[[ SUPPLIED ENTRIES open ]]

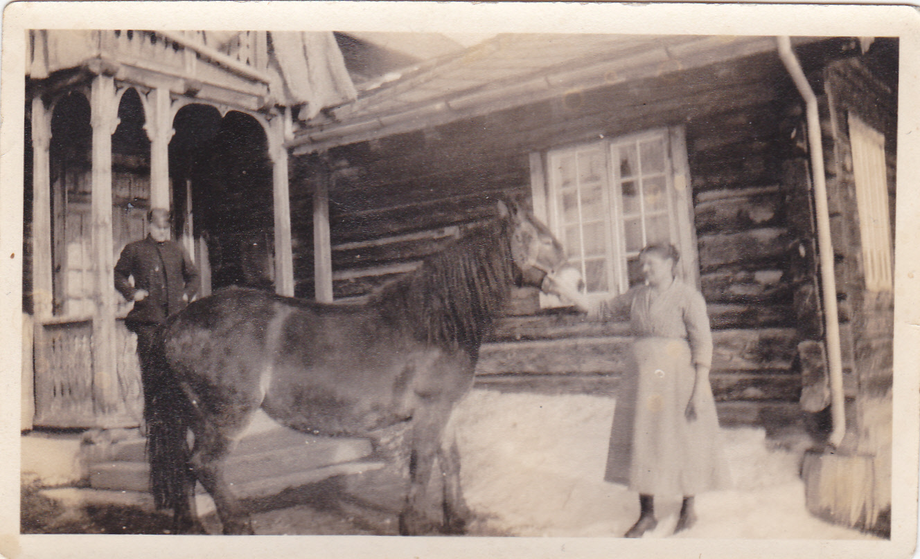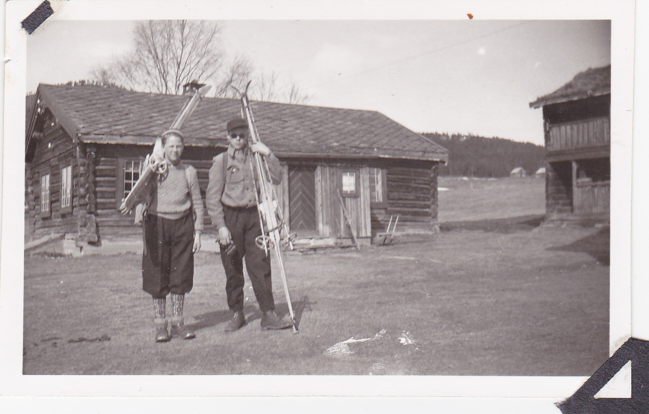 Kaffekvernhuset i bakgrunnen og en skokk nabounger i høyvogna sammen med onkel og mor, 2 og 6 år- ca 1934. (La oss håpe det ikke ligger en dypere mening i måten noen av ungene hilser på.) Til høyre i vogna, min onkel og min mor, og stående morfar Håkon.
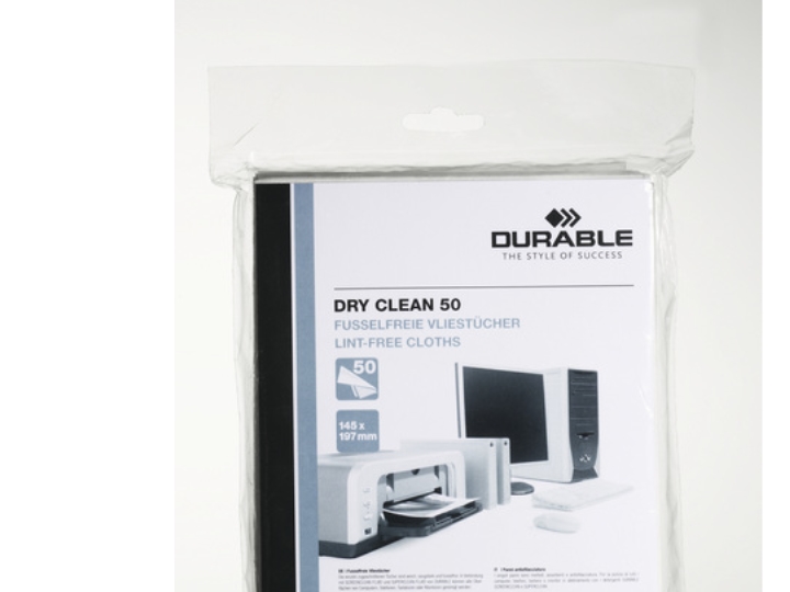 Durable 5734, Udstyrsrensning tørklud, Fiber, Hvid, 145 mm, 197 mm, 50 stk
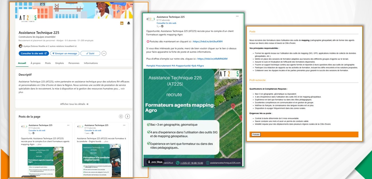 - Publication des offres sur internet, les réseaux sociaux et plateformes professionnelles.
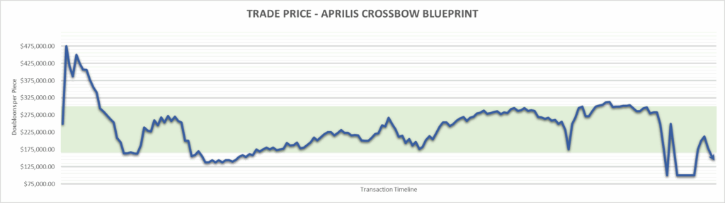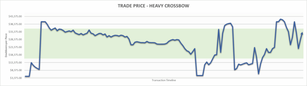 Heavy Crossbow price is $33,333.33 . This is finished the year at +640.74%.
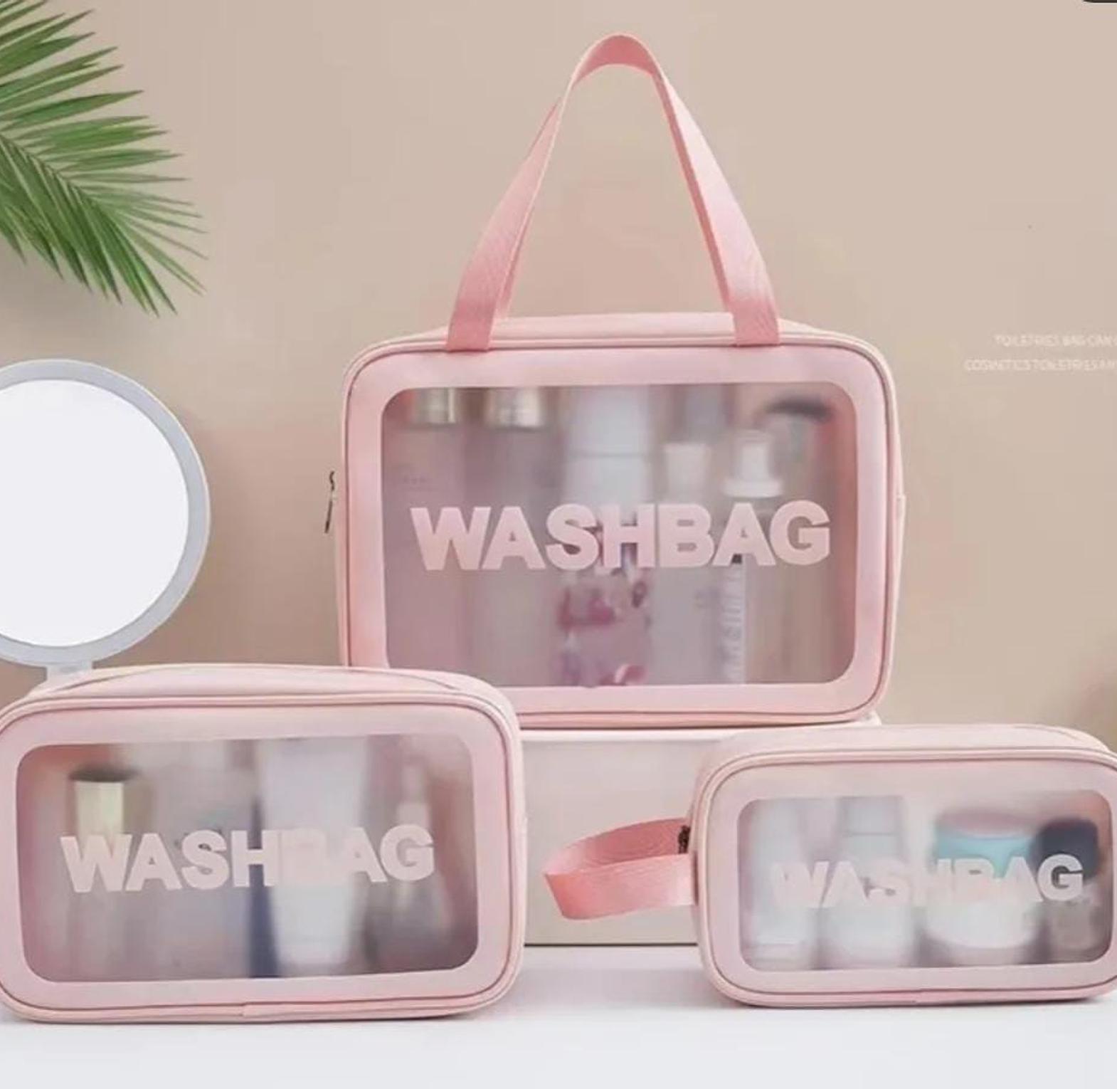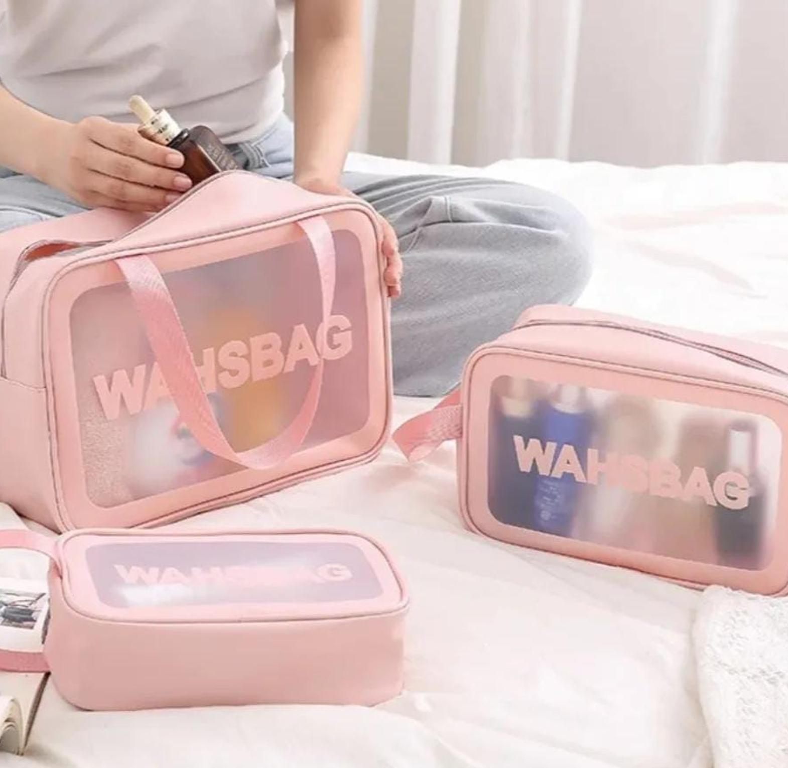 A versatile 3-piece waterproof bag set for storing makeup, toiletries, and travel essentials with ease.
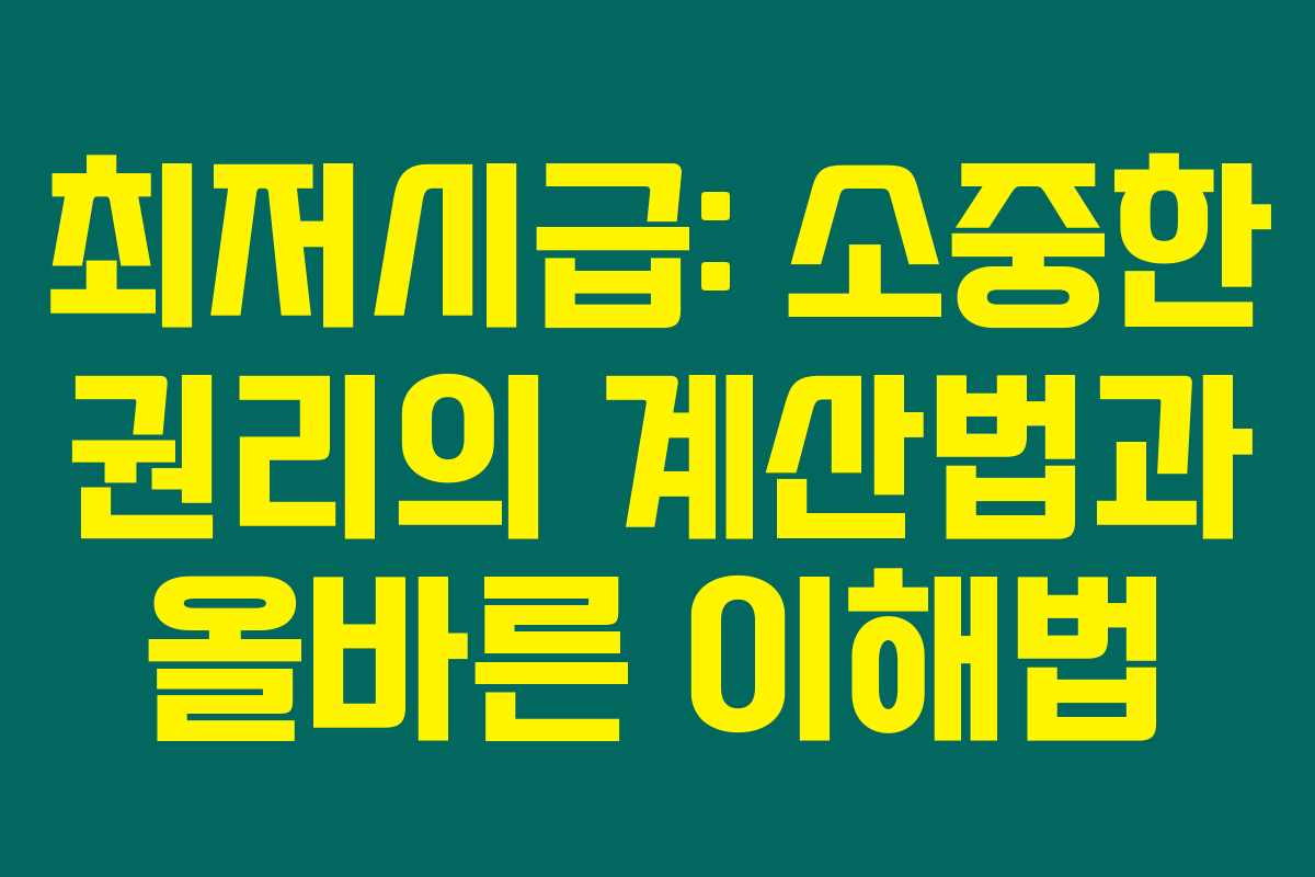 이번 글에서는 최저시급과 함께 최저임금의 계산방법, 월급 및 연봉으로의 환산 방법, 주휴수당 지급 여부에 대해 상세하게 안내드릴게요. 제가 직접 체크해본 결과로는, 이러한 정보를 바탕으로 자신의 권리를 보다 명확히 이해하게 되길 바랍니다.
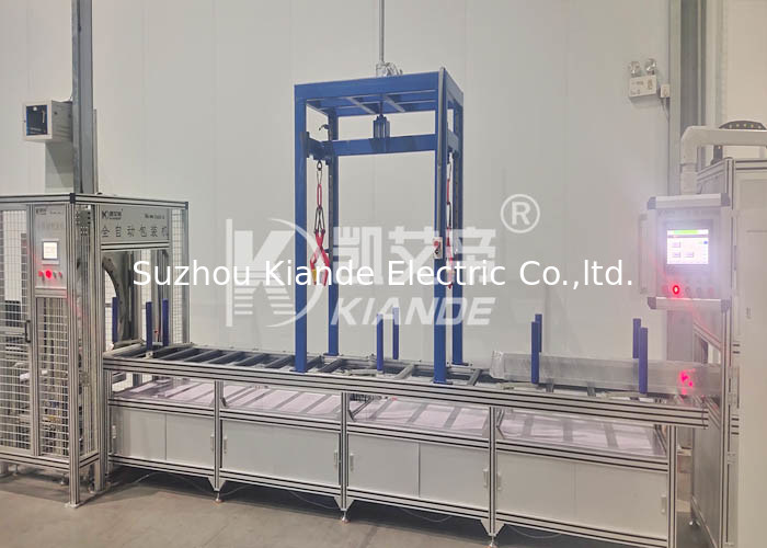 تتكون آلة فحص القضبان الأوتوماتيكية من ثلاثة أجزاء ومحطة موضع التغذية ومحطة الفحص ومحطة التفريغ.عندما يدخل قضيب التوصيل إلى الموضع الثابت ، سيحدد نظام التحكم أداة الاختبار المناسبة وفقًا للرمز الشريطي أو محطة التجميع السابقة لبدء اختبارات تحمل الجهد العالي ومقاومة العزل والتأريض ، وتحديد ما إذا كان مؤهلاً وإنشاء تقرير اختبار.يمكن حفظ هذا التقرير وطباعته في الموقع وتخزينه عن بُعد وما إلى ذلك. ويمكن ضبطه وفقًا لمتطلبات العميل.

[[ SUPPLIED ENTRIES closed ]]

→ **EXERCISE INSTRUCTIONS**
Only the lines from the beginning of the records through the line bearing "Heavy Crossbow price" belong in the answer, copied word for word with pictures left out.

→ **RESPONSE**
 Kaffekvernhuset i bakgrunnen og en skokk nabounger i høyvogna sammen med onkel og mor, 2 og 6 år- ca 1934. (La oss håpe det ikke ligger en dypere mening i måten noen av ungene hilser på.) Til høyre i vogna, min onkel og min mor, og stående morfar Håkon.
 Durable 5734, Udstyrsrensning tørklud, Fiber, Hvid, 145 mm, 197 mm, 50 stk
 - Publication des offres sur internet, les réseaux sociaux et plateformes professionnelles.
 Heavy Crossbow price is $33,333.33 . This is finished the year at +640.74%.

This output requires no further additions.